OERPedagogy

Openness, Gateways, and Agency

Consider the following personas:

First, picture a faculty member who has just learned about the existence of open educational resources. Imagine that this faculty member then also learns about how many students (including by extension their own) are unable to afford required course materials. Assuming they are able to locate a relevant, good-enough quality, and openly-licensed resource, they may adopt OER in order to dampen the relationship between affordability and performance, motivated by concerns for student access and success. They may learn lessons from this first foray that—if not overly negative—may lead them to make incremental changes to their practice in all of their courses, such as how they assign required readings. Given a positive experience with this first adoption they may go on to adopt OER in as many of their courses as they can locate relevant, good-enough quality, openly-licensed materials for. They may even act as an advocate for OER within their department or discipline.

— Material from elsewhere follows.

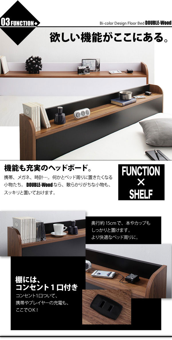 棚・コンセント付きバイカラーデザインフロアベッド【ダブルウッド】ベッドフレームのみ ダブルの商品写真

Now picture a different faculty member, one who is not especially aware of issues pertaining to student access, but who is motivated to create authentic learning experiences for their students. This faculty member may learn about open pedagogy and feel inspired to redesign a single course assignment to help their students contribute to an OER. They may begin with a type of assignment they have learned about, for which there is a path to follow, a model to exhibit, a rubric to adapt. They may learn lessons during this initial experience that—if not overly negative—lead them to make incremental changes to their practice in all courses, such as in the kinds of support they provide students. Given a positive experience with this first instance they may go on to adopt open pedagogy in as many of their courses as they have freedom to do so. They may even act as an advocate for open pedagogy within their department or discipline.

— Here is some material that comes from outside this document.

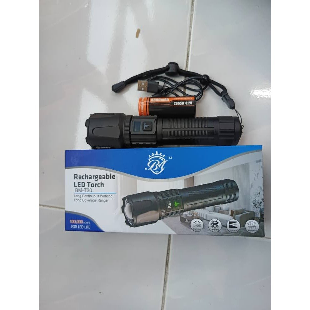 BM-T30 Super Bright Flashlight Waterproof Usb Rechargeable Torchlight Zoomable Long Range Flashlights Lcd Display light. Experience brilliant illumination with the T30 Flashlight, engineered for performance, durability, and versatility. Whether you’re exploring the outdoors or facing a power outage, the T20 is your reliable lighting companion. Light up the darkest environments with a powerful, high-intensity beam  perfect for nighttime adventures or emergency use.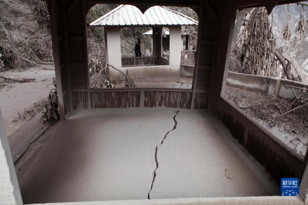這是12月5日在印度尼西亞爪哇島東部盧馬姜拍攝的被火山噴發(fā)物覆蓋的建筑。

Each of these personas illustrates practices that reflect specific motivations, shaped by both experience and constraints. But of course they are not mutually exclusive. The former faculty member may enter the world of OEP though the gate of OER and later adopt open pedagogy while the latter may enter through the gate of open pedagogy and later adopt OER. Yes, one can easily serve as a gateway to another. Yet neither gate should be described as a gateway drug. You see, openness is about more agency, not less. More agency for faculty, who may adapt educational resources to better suit their context, and more agency for students, who may be empowered through meaningful, renewable assignments.

But beyond being inaccurate, the drug metaphor also sends the wrong message. After all, we as open advocates are not in the business of handing out free samples, limited-term pilots, sponsorships, or kickbacks in the hopes that the faculty we work with will grow dependent on these trappings. We don’t control the periodic release of new product into the ecosystem, concocting artificial scarcity in order to manufacture demand. We don’t pass on the burden of cost to our most vulnerable constituents. We don’t report to shareholders and profit is not our motive. So if you are an advocate for open, please be careful with the metaphors you employ. We are not trying to infect people with a virus, this is not a crusade, and this is certainly not about drinking any Kool Aid. Openness supports democratization over corporatization and recovers previously-ceded ground in the battle for academic freedom. It is not a drug. It is rehabilitation.

One thought on “Openness, Gateways, and Agency

  • There are several reasons why the notion of ‘gateway drug’ doesn’t work accurately as metaphor for OER or Open Pedagogy. Chief among them is the fact the OER leads usually to something good whereas a gateway drug usually refers to a drug which leads later to a negative outcome consisting of further and more acute addictive drugs.

    A better notion to consider is that OER are a type of invention or innovation which can and often does lead to further inventions or innovations, but such further inventions or innovations are not a requirement for the validity of the original OER.